Only one stretch of the data should be retyped: the lines from the line containing "Hozzávalók: a piskótához: 3" through the line containing "গির্জার সামনে দুটো". Keep pictures out of it.

→ **Data provided**:
↓↓↓
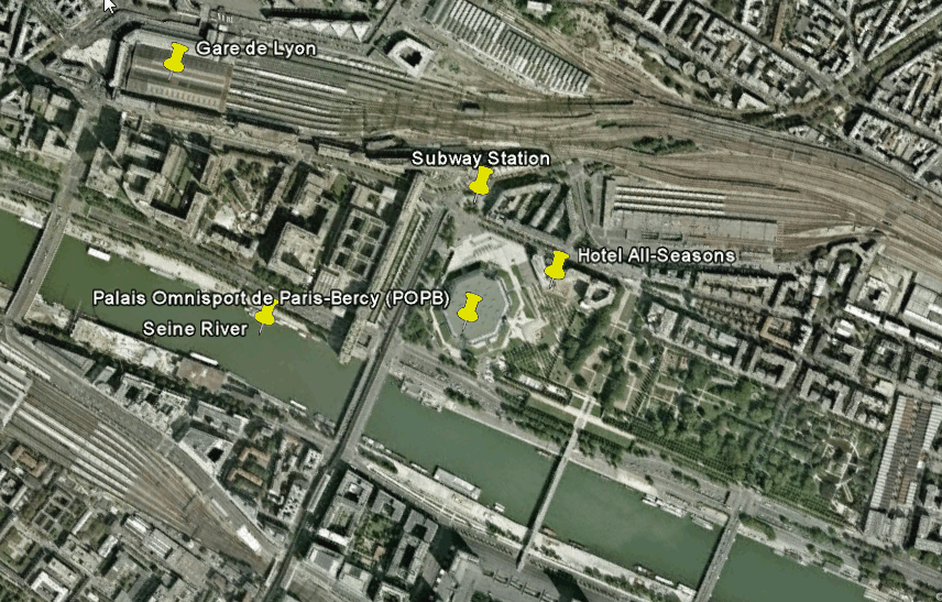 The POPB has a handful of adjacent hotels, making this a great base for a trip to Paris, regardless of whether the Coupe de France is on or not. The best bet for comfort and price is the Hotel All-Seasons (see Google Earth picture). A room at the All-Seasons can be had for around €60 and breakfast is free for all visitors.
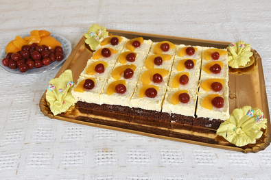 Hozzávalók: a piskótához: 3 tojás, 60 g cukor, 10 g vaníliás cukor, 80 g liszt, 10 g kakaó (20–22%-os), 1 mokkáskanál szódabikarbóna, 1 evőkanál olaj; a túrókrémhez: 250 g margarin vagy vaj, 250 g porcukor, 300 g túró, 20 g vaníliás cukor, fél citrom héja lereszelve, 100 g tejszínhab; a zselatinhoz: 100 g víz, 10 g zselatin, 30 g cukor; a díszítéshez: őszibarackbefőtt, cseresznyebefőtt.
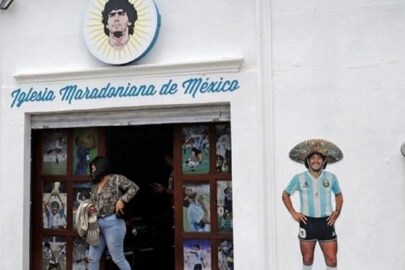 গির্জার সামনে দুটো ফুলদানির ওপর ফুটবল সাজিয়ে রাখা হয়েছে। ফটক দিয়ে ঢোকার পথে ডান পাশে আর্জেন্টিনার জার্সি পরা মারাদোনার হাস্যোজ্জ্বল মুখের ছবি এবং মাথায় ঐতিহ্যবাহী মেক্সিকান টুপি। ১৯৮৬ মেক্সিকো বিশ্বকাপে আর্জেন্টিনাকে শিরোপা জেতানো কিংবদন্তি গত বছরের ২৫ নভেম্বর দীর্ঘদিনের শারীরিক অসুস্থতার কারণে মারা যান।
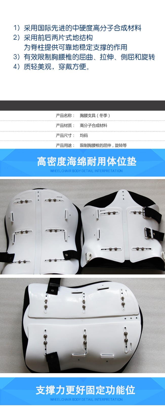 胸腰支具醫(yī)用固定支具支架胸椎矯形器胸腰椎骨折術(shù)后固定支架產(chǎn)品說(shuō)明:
↑↑↑
→ **Output**:
 Hozzávalók: a piskótához: 3 tojás, 60 g cukor, 10 g vaníliás cukor, 80 g liszt, 10 g kakaó (20–22%-os), 1 mokkáskanál szódabikarbóna, 1 evőkanál olaj; a túrókrémhez: 250 g margarin vagy vaj, 250 g porcukor, 300 g túró, 20 g vaníliás cukor, fél citrom héja lereszelve, 100 g tejszínhab; a zselatinhoz: 100 g víz, 10 g zselatin, 30 g cukor; a díszítéshez: őszibarackbefőtt, cseresznyebefőtt.
 গির্জার সামনে দুটো ফুলদানির ওপর ফুটবল সাজিয়ে রাখা হয়েছে। ফটক দিয়ে ঢোকার পথে ডান পাশে আর্জেন্টিনার জার্সি পরা মারাদোনার হাস্যোজ্জ্বল মুখের ছবি এবং মাথায় ঐতিহ্যবাহী মেক্সিকান টুপি। ১৯৮৬ মেক্সিকো বিশ্বকাপে আর্জেন্টিনাকে শিরোপা জেতানো কিংবদন্তি গত বছরের ২৫ নভেম্বর দীর্ঘদিনের শারীরিক অসুস্থতার কারণে মারা যান।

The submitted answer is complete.